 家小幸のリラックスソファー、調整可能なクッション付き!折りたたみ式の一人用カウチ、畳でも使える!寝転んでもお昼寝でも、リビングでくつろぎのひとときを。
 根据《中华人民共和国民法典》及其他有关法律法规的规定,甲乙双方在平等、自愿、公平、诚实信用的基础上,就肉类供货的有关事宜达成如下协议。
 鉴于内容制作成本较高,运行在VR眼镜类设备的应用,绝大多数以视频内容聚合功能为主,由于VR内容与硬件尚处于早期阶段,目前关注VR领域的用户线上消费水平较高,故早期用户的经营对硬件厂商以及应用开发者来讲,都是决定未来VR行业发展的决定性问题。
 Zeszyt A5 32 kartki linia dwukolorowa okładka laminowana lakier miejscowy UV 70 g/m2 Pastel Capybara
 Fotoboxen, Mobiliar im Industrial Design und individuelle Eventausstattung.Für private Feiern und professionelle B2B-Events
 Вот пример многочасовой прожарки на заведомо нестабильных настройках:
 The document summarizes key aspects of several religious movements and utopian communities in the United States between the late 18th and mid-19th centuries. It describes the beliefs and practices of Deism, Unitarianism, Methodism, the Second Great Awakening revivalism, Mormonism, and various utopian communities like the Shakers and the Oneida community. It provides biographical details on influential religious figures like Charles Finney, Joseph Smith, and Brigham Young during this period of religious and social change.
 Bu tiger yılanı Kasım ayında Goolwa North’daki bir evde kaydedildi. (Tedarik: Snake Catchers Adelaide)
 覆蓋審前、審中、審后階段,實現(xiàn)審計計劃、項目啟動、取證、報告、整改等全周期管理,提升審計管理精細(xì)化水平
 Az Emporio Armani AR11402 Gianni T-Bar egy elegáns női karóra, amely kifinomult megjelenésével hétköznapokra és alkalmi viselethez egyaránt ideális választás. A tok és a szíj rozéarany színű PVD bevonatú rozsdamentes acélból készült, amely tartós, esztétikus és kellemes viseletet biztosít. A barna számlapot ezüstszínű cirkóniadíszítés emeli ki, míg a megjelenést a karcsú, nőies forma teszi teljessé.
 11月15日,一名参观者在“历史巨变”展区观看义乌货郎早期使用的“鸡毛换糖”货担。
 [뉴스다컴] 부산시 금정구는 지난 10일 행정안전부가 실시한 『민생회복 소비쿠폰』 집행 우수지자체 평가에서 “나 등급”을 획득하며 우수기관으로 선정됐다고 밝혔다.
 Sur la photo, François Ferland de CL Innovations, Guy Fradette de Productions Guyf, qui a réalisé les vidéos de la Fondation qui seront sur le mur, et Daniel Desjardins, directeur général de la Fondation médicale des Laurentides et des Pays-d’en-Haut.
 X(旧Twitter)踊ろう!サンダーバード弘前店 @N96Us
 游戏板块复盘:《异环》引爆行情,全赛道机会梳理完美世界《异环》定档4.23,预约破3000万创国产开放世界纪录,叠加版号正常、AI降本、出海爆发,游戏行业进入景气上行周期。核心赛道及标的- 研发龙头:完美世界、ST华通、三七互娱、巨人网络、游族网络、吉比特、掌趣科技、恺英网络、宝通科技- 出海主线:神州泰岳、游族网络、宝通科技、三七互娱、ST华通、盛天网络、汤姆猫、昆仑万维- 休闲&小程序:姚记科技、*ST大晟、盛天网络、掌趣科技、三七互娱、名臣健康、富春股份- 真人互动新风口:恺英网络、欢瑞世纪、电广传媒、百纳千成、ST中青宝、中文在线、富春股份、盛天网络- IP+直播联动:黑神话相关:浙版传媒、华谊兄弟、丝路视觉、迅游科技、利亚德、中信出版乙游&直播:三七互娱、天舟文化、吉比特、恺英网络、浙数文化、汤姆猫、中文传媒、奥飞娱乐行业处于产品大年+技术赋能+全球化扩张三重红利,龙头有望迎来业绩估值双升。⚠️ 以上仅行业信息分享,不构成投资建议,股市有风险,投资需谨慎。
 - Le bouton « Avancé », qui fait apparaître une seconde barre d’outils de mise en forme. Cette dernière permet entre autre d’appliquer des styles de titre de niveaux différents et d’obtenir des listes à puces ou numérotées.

━━━━

## Task objective
A complete, exact copy of the records is what is needed.

## Response for this exercise
 家小幸のリラックスソファー、調整可能なクッション付き!折りたたみ式の一人用カウチ、畳でも使える!寝転んでもお昼寝でも、リビングでくつろぎのひとときを。
 根据《中华人民共和国民法典》及其他有关法律法规的规定,甲乙双方在平等、自愿、公平、诚实信用的基础上,就肉类供货的有关事宜达成如下协议。
 鉴于内容制作成本较高,运行在VR眼镜类设备的应用,绝大多数以视频内容聚合功能为主,由于VR内容与硬件尚处于早期阶段,目前关注VR领域的用户线上消费水平较高,故早期用户的经营对硬件厂商以及应用开发者来讲,都是决定未来VR行业发展的决定性问题。
 Zeszyt A5 32 kartki linia dwukolorowa okładka laminowana lakier miejscowy UV 70 g/m2 Pastel Capybara
 Fotoboxen, Mobiliar im Industrial Design und individuelle Eventausstattung.Für private Feiern und professionelle B2B-Events
 Вот пример многочасовой прожарки на заведомо нестабильных настройках:
 The document summarizes key aspects of several religious movements and utopian communities in the United States between the late 18th and mid-19th centuries. It describes the beliefs and practices of Deism, Unitarianism, Methodism, the Second Great Awakening revivalism, Mormonism, and various utopian communities like the Shakers and the Oneida community. It provides biographical details on influential religious figures like Charles Finney, Joseph Smith, and Brigham Young during this period of religious and social change.
 Bu tiger yılanı Kasım ayında Goolwa North’daki bir evde kaydedildi. (Tedarik: Snake Catchers Adelaide)
 覆蓋審前、審中、審后階段,實現(xiàn)審計計劃、項目啟動、取證、報告、整改等全周期管理,提升審計管理精細(xì)化水平
 Az Emporio Armani AR11402 Gianni T-Bar egy elegáns női karóra, amely kifinomult megjelenésével hétköznapokra és alkalmi viselethez egyaránt ideális választás. A tok és a szíj rozéarany színű PVD bevonatú rozsdamentes acélból készült, amely tartós, esztétikus és kellemes viseletet biztosít. A barna számlapot ezüstszínű cirkóniadíszítés emeli ki, míg a megjelenést a karcsú, nőies forma teszi teljessé.
 11月15日,一名参观者在“历史巨变”展区观看义乌货郎早期使用的“鸡毛换糖”货担。
 [뉴스다컴] 부산시 금정구는 지난 10일 행정안전부가 실시한 『민생회복 소비쿠폰』 집행 우수지자체 평가에서 “나 등급”을 획득하며 우수기관으로 선정됐다고 밝혔다.
 Sur la photo, François Ferland de CL Innovations, Guy Fradette de Productions Guyf, qui a réalisé les vidéos de la Fondation qui seront sur le mur, et Daniel Desjardins, directeur général de la Fondation médicale des Laurentides et des Pays-d’en-Haut.
 X(旧Twitter)踊ろう!サンダーバード弘前店 @N96Us
 游戏板块复盘:《异环》引爆行情,全赛道机会梳理完美世界《异环》定档4.23,预约破3000万创国产开放世界纪录,叠加版号正常、AI降本、出海爆发,游戏行业进入景气上行周期。核心赛道及标的- 研发龙头:完美世界、ST华通、三七互娱、巨人网络、游族网络、吉比特、掌趣科技、恺英网络、宝通科技- 出海主线:神州泰岳、游族网络、宝通科技、三七互娱、ST华通、盛天网络、汤姆猫、昆仑万维- 休闲&小程序:姚记科技、*ST大晟、盛天网络、掌趣科技、三七互娱、名臣健康、富春股份- 真人互动新风口:恺英网络、欢瑞世纪、电广传媒、百纳千成、ST中青宝、中文在线、富春股份、盛天网络- IP+直播联动:黑神话相关:浙版传媒、华谊兄弟、丝路视觉、迅游科技、利亚德、中信出版乙游&直播:三七互娱、天舟文化、吉比特、恺英网络、浙数文化、汤姆猫、中文传媒、奥飞娱乐行业处于产品大年+技术赋能+全球化扩张三重红利,龙头有望迎来业绩估值双升。⚠️ 以上仅行业信息分享,不构成投资建议,股市有风险,投资需谨慎。
 - Le bouton « Avancé », qui fait apparaître une seconde barre d’outils de mise en forme. Cette dernière permet entre autre d’appliquer des styles de titre de niveaux différents et d’obtenir des listes à puces ou numérotées.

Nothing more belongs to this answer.